ANGGOTA PPD MENDATANGI KPU MIMIKA, SEBUT DIMINTA BUAT LPJ TAPI DANA OPERASIONAL BELUM DIBAYARKAN Suasana saat anggota PPD mendatangi Kantor KPU Mimika (Foto:salampapua.com/Evita)

ANGGOTA PPD MENDATANGI KPU MIMIKA, SEBUT DIMINTA BUAT LPJ TAPI DANA OPERASIONAL BELUM DIBAYARKAN

SALAM PAPUA (TIMIKA) - Dana Operasional (OP) dan Dana Tahapan Pemilihan Umum (Pemilu) 2024 belum dibayarkan, puluhan Anggota Panitia Pemilihan Distrik (PPD) Komisi Pemilihan Umum (KPU) Kabupaten Mimika mendatangi Kantor KPU Mimika, Senin malam (5/6/2023).

Ketua PPD Mimika Barat Jauh, Edi Rahayaan mengatakan bahwa 18 Distrik sudah melaksanakan tahapan Pemilu tetapi selama tahapan yang sudah berjalan 6 bulan tersebut, Dana tahapan dan Dana OP tidak diberikan secara terbuka.

Kalau honor jelas dibayarkan tetapi dana OP ini tidak pernah transparan. Waktu itu kami sudah bicara dengan Bendahara bersama Sekretaris KPU Mimika, mereka katakan jika dana di rekening KPU Mimika nol, inikan tidak mungkin, ujarnya.

Edi juga menjelaskan selama ini dirinya bekerja menggunakan dana pribadi, sehingga pada saat pleno DPSHP Tahap Akhir yang seharusnya dilakukan di setiap Distrik tapi dilakukan di Kota dan memakai lapangan terbuka.

Jelas kita jadikan satu rapat pleno di kota, kita tidak punya anggaran untuk melakukan di setiap Distrik, dan batas akhir pleno di tanggal 5 Mei, ungkapnya.

Untuk Dana OP yang diterima per Distrik sebesar Rp 4,4 juta, sedangkan Honor untuk ketua PPD Rp 2,5 juta dan anggorta PPD Rp 2,2 juta.

Yang membuat PPD tidak terima dan mengelar aksi demo damai di KPU, menurut dia, karena bendahara KPU mendesak semua PPD membuat Laporan Pertangungjawaban (LPJ) hingga Juni, sedangkan menurut PPD anggaran belum diterima sehingga ini menjadi pertanyaan mereka.

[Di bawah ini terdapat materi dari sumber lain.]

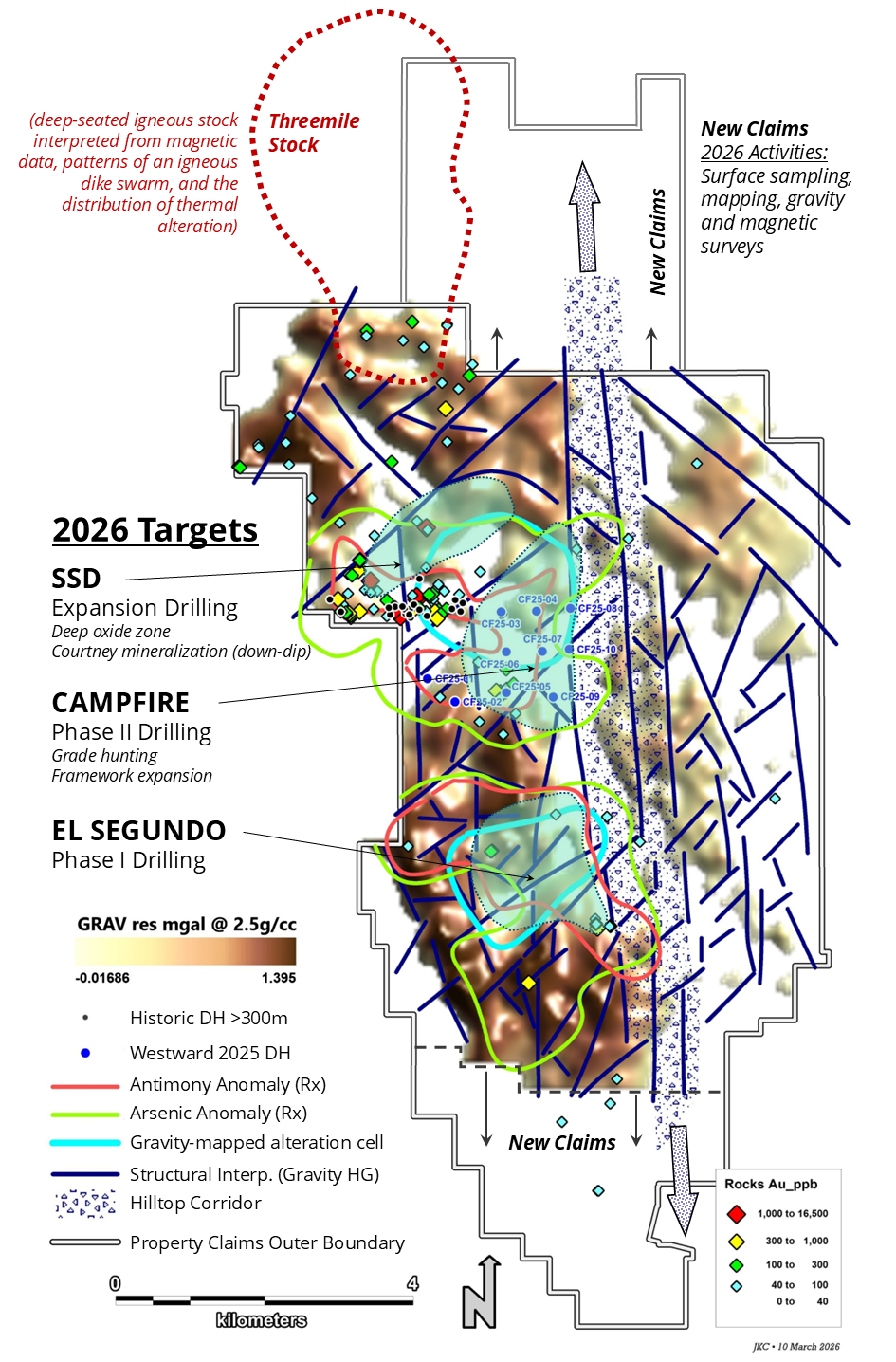 SSD was originally identified several years ago by the Company through a detailed investigation of legacy drill hole data; it is a separate and unique zone of gold mineralization that lies beneath the Courtney Zone, an area of shallow gold mineralization that was the focal point of the vast majority of historical drilling by previous operators. Westward subsequently expanded upon SSD with drilling in 2022 and 2023, and now with the benefit of large-scale systematic programs completed since then – including 1:5000 surface mapping, relogging of legacy RC and core drill holes, soil and rock-chip sampling, gravity and magnetic surveys – this target has been deemed a top priority for follow-up in 2026. SSD also represents the target zone that is most proximal to the recently-identified Threemile Stock, a deep-seated intrusive centre interpreted from magnetic data, dike swarms, and mapped/logged thermal alteration (see press release dated March 26, 2026, for additional details) . Importantly, SSD earthwork is already permitted under the Company’s existing Exploration Plan of Operations (“EPO” ) with the U.S. Bureau of Land Management (“BLM” ), allowing for significant trench, road, and drill-pad construction flexibility – additional permitting updates for the entire 2026 drill program are outlined below. Details related to 2026 drilling plans at the other two target areas (Campfire and El Segundo) will be provided in subsequent press releases (see Figure 1 below).

Mereka paksa PPD untuk buat LPJ OP sampai Juni, katanya itu sudah aturan dari Provinsi, sedangkan kami belum terima apa-apa dan mereka (KPU) katakan jika tidak maka anggaran kami semua ditahan dengan alasan aturan, tuturnya.

Sedangkan Anggota PPD Distrik Wania, Kosmas mengungkapkan bahwa kedatangan mereka ke KPU bukan untuk mengurangi kredibilitas KPU, tetapi murni untuk menyukseskan tahapan Pemilu.

Di sini kami bukan ingin mencari siapa yang salah, tetapi kami hanya ingin agar semua tahapan ini bisa berjalan dengan sukses, karena ini kan sudah tanggung jawab kita sebagai panitia yang sudah di percayakan, ungkapnya.

Sementara itu Sekretaris KPU Mimika, Ronny Toisuta, usai menggelar rapat di internal KPU, ia langsung menemui para PPD yang sedang menggelar aksi protes di depan kantor KPU, sembari menjelaskan jika pihak KPU berjanji akan membayar semua tunggakan dengan batas waktu di bulan Agustus.

Pokoknya semua tunggakan akan kami bayar semua, tapi berikan waktu hingga Agustus, tapi ingat, jangan sampai lupa LPJnya, ujarnya.